Around this time, I was preparing to teach another lesson for the Quail Springs Wednesday night class on the Expressions of the Christian Faith. That week’s topic was the Evangelical tradition. I read about Aurelius Augustine’s struggle with lust and sexual indulgence. While imbibing on these thing Aurelius also sought the higher good and right and moral things. He realized his contradiction and also his inability to conquer his vices on his own. Soon after he was introduced to the Gospel and realized that it offered his a power that he had never been offered before. In Christ, Aurelius saw a power that could rid him of his vices – which he could not beat through his own power. Therefore, through the power of Christ and the Holy Spirit, Aurelius was transformed into the image of Christ.

This transforming power is the manifestation of God’s grace through the Spirit. It is the Spirit within the believer who uses his divine power to rid us of uncleanness. Perhaps a better way to say that is that the Spirit heals us, injects us with the essence of life, and transforms us in spirit, soul, and body ever closer into the image of Christ – to be more like God. This is the plan of God that he begin implementing the first moment after Adam and Eve’s sin in the garden.

Back to the original thought… it is because of concepts like this that I have not been concerned with God’s anger – primarily because I think that God is so patient that forbearing that he is rarely if ever actually angry. And this brings me to my vice – food.

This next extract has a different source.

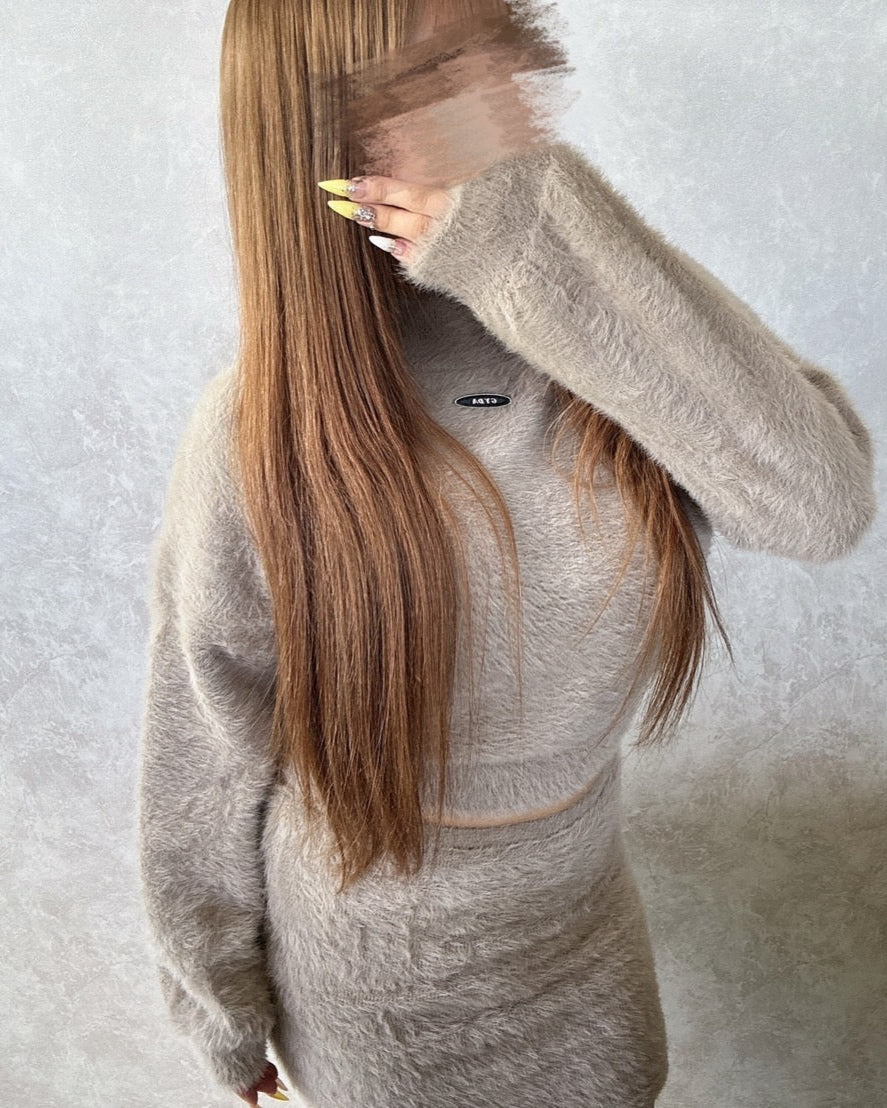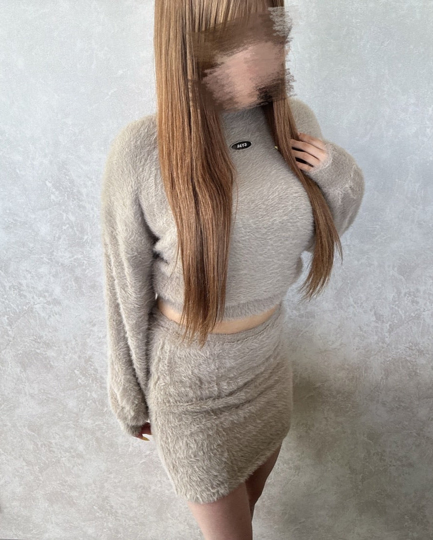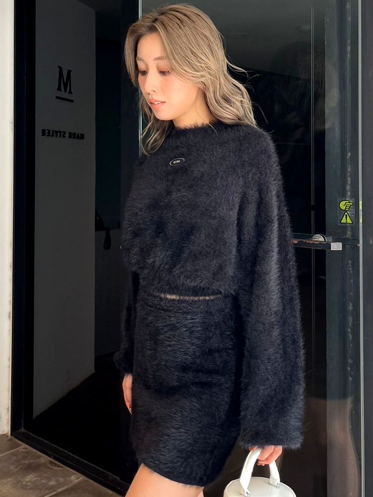 女性らしいシャギーのニットを使用したハイウエスよりのニットスカートです。

Food. You must have it to live. After years of developing and enabling myself through bad eating habits, I am struck down by my inability to control my eating. This is truly a situation where the spirit is willing, but the body is weak. Interestingly, while I report success over many things through the power of God, I am having a much more difficult time dealing with my eating addiction.  On the days that I fast (cold turkey) I can stay pretty focused on keeping my will in control, but on regular days, this is much more difficult.

Why can I not allow myself to rely on God’s power to heal me if this affliction as well? Why am I not “waiting on God” to give me balance in spirit, soul and body? Am I angering God by being out of balance? I ask that as an honest question – not out of fear that I am angering him. I’m going to pray more and take it one day at a time. Praise God for his greatness and mercy. I love God and thank him for his revelations to me.